Vintage and Classic Car Museum is a car museum in Udaipur in Rajasthan state in India, having some of the rarest classic and vintage car collection. This museum is owned by Arvind Singh Mewar.

== History ==
The Vintage and Classic Car Museum, or Vintage & Classic Car Collection was unveiled to general public on 15 February 2000. It was inaugurated by Lord Montagu of Beaulieu, founder of the National Motor Museum in England. The Vintage & Classic Car Collection is a car collection and a museum, showing all the vehicles belonging to the Maharanas of Mewar both past and present. The collection is housed in the original former Mewar State Motor Garage, which currently serves as this museum. Garden Hotel and Restaurant, a property of HRH Group of Hotels, Udaipur, is also contained within the garage's grounds. The semi-circular motor garage with its forecourt is housed within a greater courtyard.

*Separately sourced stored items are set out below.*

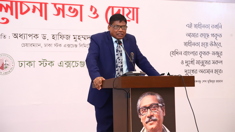 দেশের প্রধান পুঁজিবাজার ঢাকা স্টক এক্সচেঞ্জের (ডিএসই) চেয়ারম্যান অধ্যাপক ড. হাফিজ মুহম্মদ হাসান বাবু বলেছেন, আমাদের পুঁজিবাজার আমাদেরকেই দাঁড় করাতে হবে। ঢাকা স্টক এক্সচেঞ্জ পুঁজিবাজারের মূল কর্ণধার। এজন্য আমরা সকলকে সাথে নিয়ে কাজ করতে চাই। তাহলে দেশের পুঁজিবাজার এগিয়ে যাবে। বঙ্গবন্ধুর স্বপ্ন বাস্তবায়নে পুঁজিবাজারকে এগিয়ে নিতে হবে।
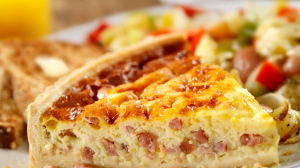 150 grs Auslegeteig, 50 grs geräucherter Brustspeck in dünnen Scheiben, 20 grs Butter, 50 grs Gruyères in dünnen Scheiben, 1 kleine in sehr fein geschnittene Zwiebel, 400 ml Rahm, 3 Eier, Salz, Pfeffer. - Teig ausrollen und eine 20 cm ø grosse Form legen - Speckscheiben 2 Minuten im kochenden Wasser entsalzen - In Butter leicht kross braten - mit den Käsescheiben abwechselnd auf den Teig legen -Zwiebel im Speckfett anziehen - Eier und Rahm schaumig schlagen und mit der Zwiebel mischen - Abschmecken und über den Speck und Käse leeren - 35 Minuten im gut heissen Ofen bei starker Unterhitze backen.
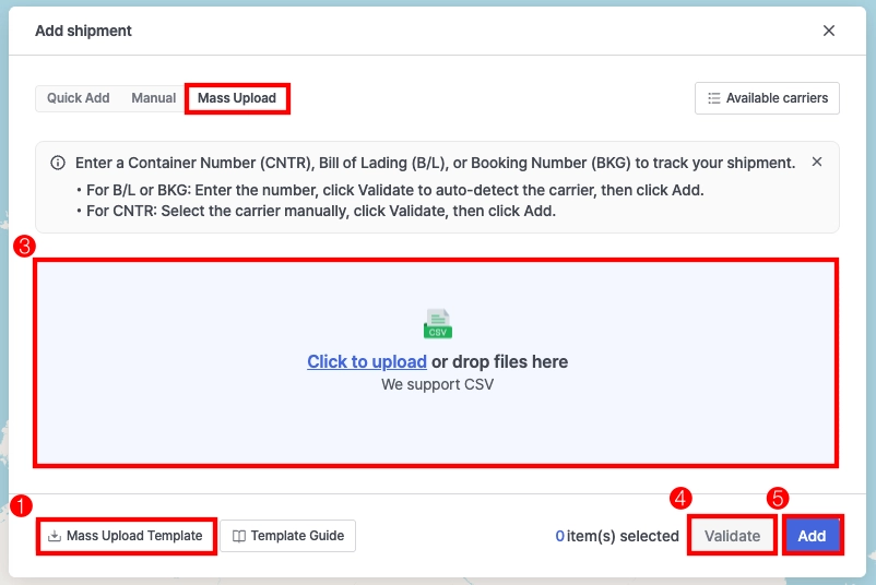 선사별 Carrier Code는 팝업창 오른쪽 상단에 있는 ‘Available Carriers’ 버튼을 클릭하여 확인
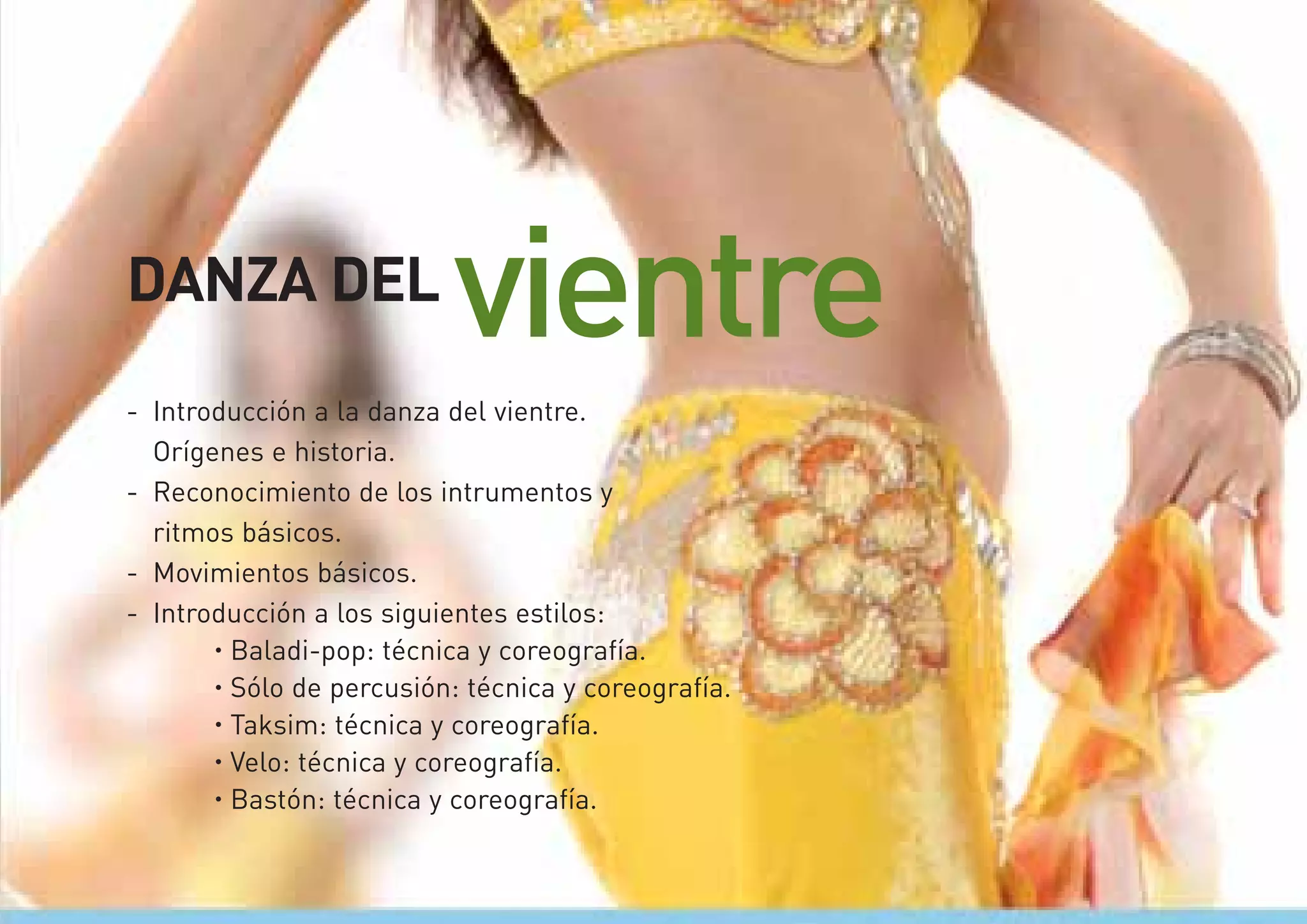 La danza del vientre introduce sus orígenes e historia, reconoce los instrumentos y ritmos básicos, y cubre los movimientos básicos y estilos de danza como Baladi-pop, solo de percusión, Taksim, velo y bastón, incluyendo la técnica y coreografía de cada uno.
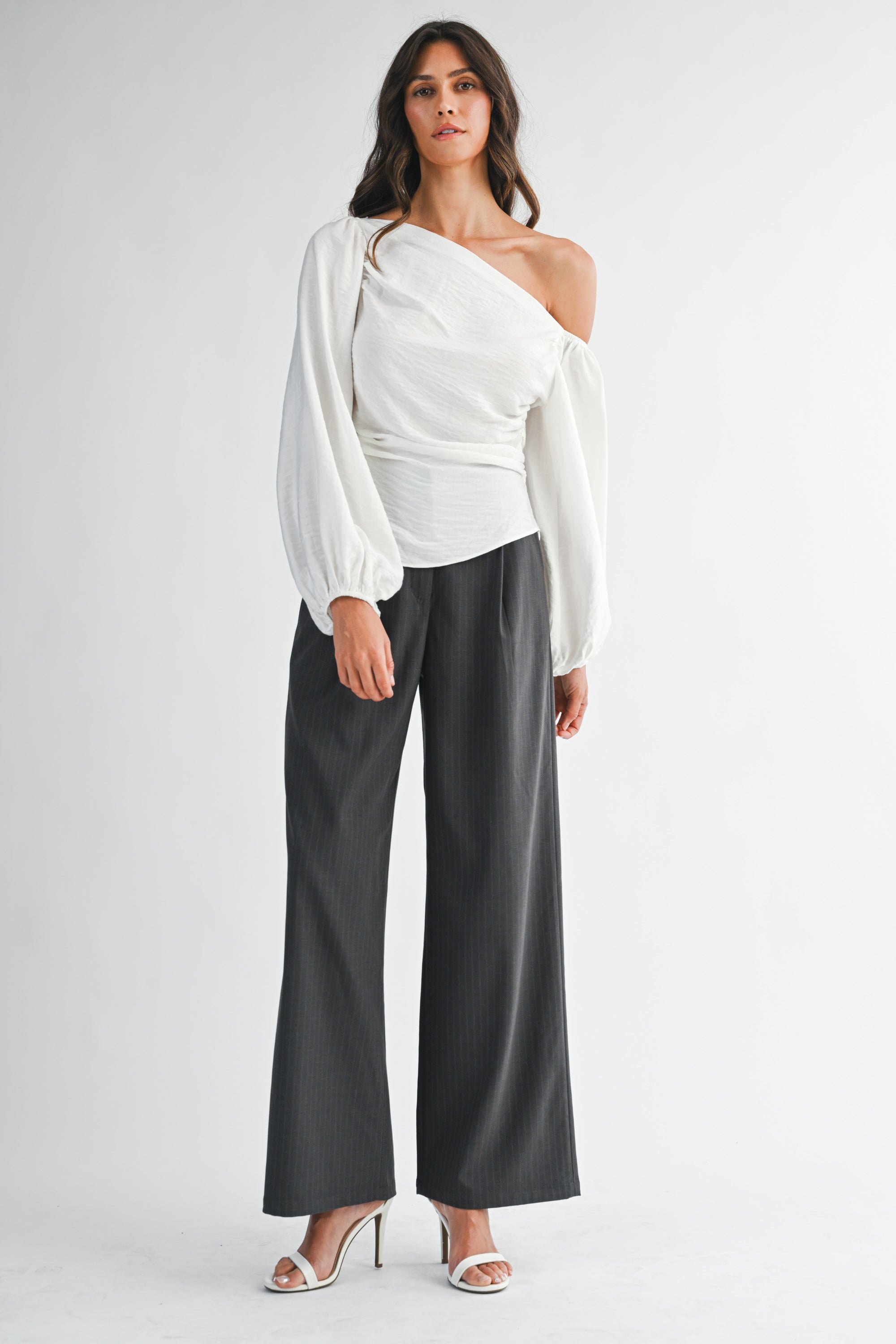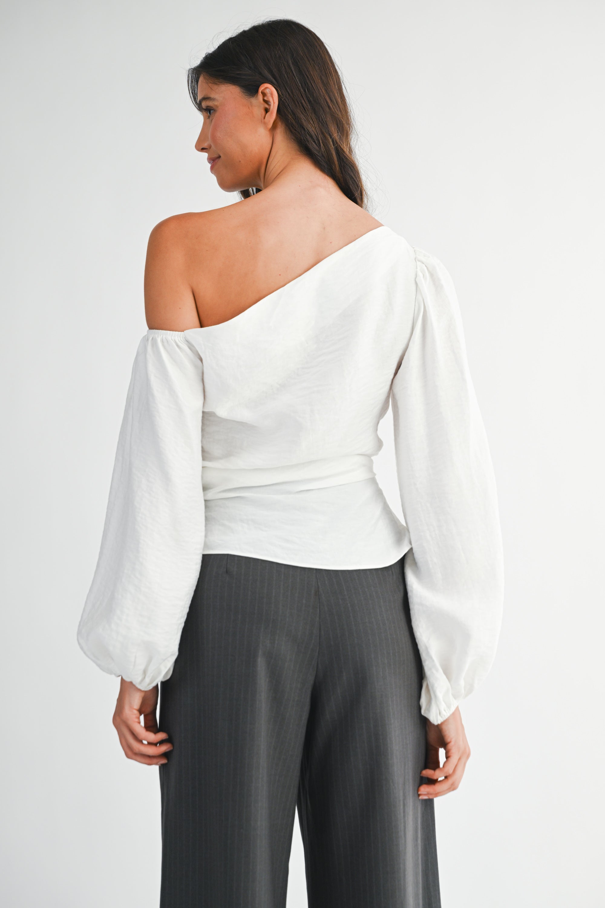 Make a statement with the Rushed Asymmetrical Long-Sleeve Top, designed with a striking one-shoulder neckline and gathered detailing that flatters your shape. The billowy sleeve and soft fabric add an elegant touch, perfect for both day-to-night wear.
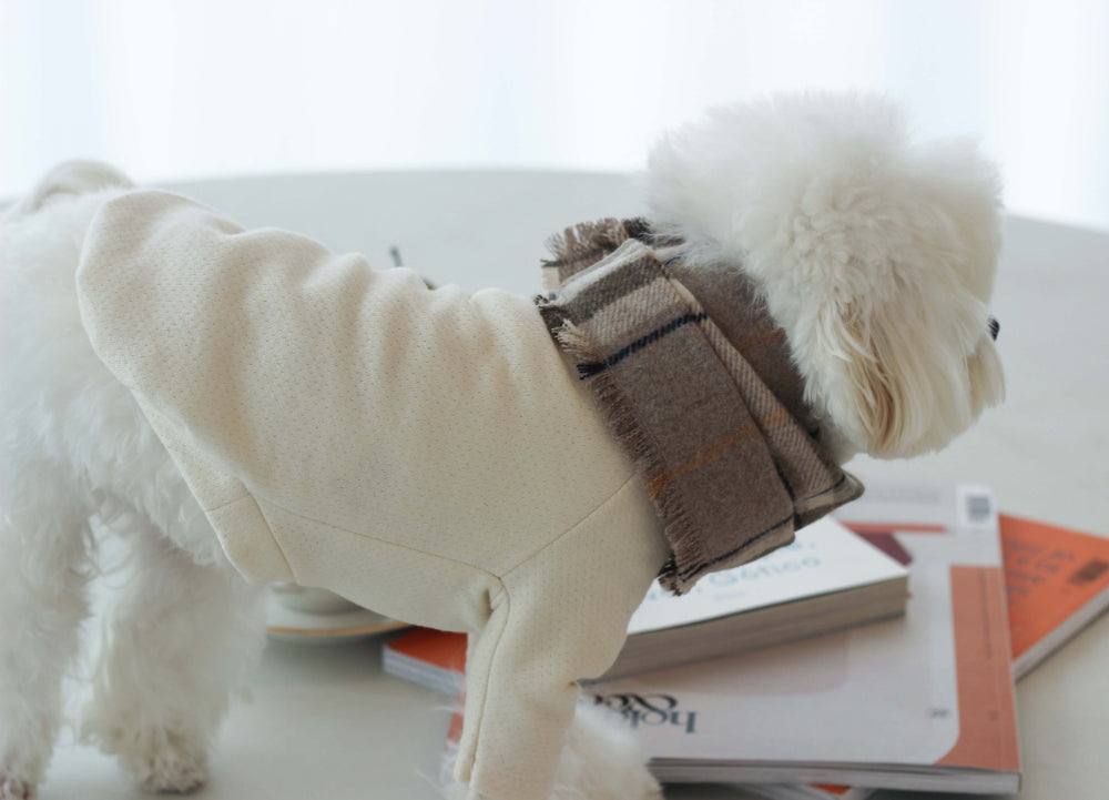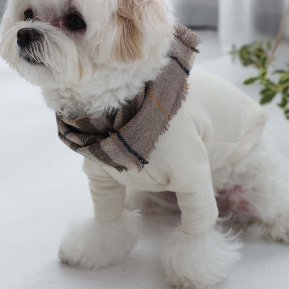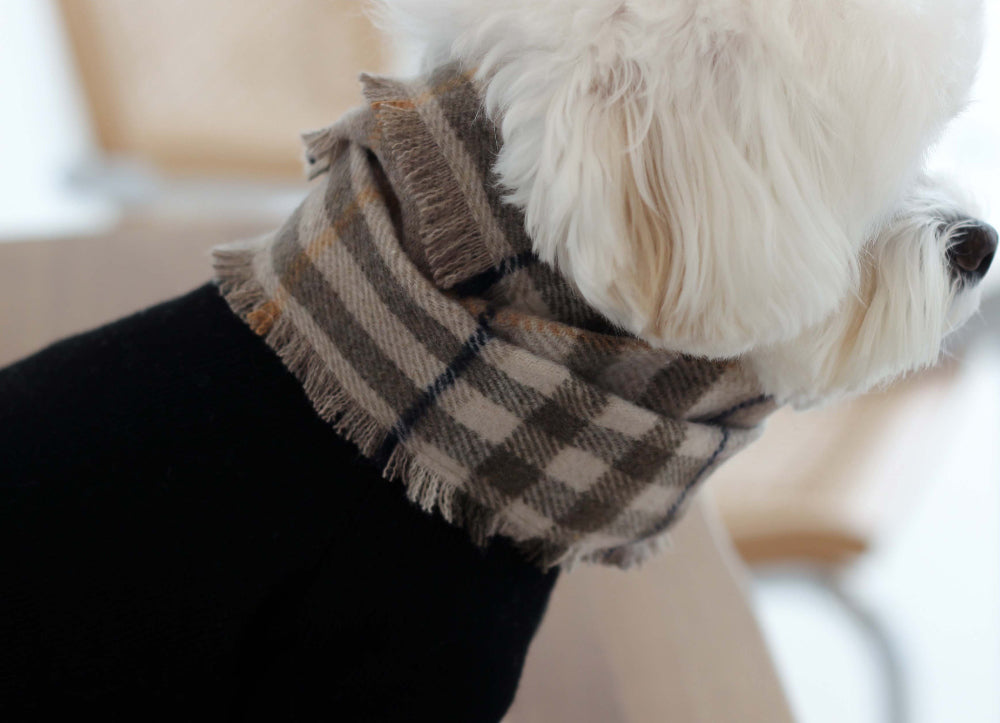 グレーのチェックマフラーは、

It also houses one of the original Shell petrol pump, which is still assumed to be in usable condition. Despite some vehicles being over seventy years old, each one is still kept in working condition.

==General==
The Vintage and Classic Car Museum has around 20 antique cars, including 4 Rolls-Royce's, 2 Cadillacs, one MG-TC convertible, one Ford-A Convertible, one Vauxhall-12 and several other exhibits like solar powered rickshaws and many more.

== Location ==
The Vintage and Classic Car Museum is located on the Gulab Bagh Road, just opposite to the main entrance to the Gulab Bagh and Zoo. It is just 1.5 km from Udaipur City railway station and 1 km from Udaipur City Bus Depot. Visitors can reach here by personal vehicle, or can avail themselves of a taxi or local rickshaw to reach here. There is an entrance charge (per-person basis) to visit this museum.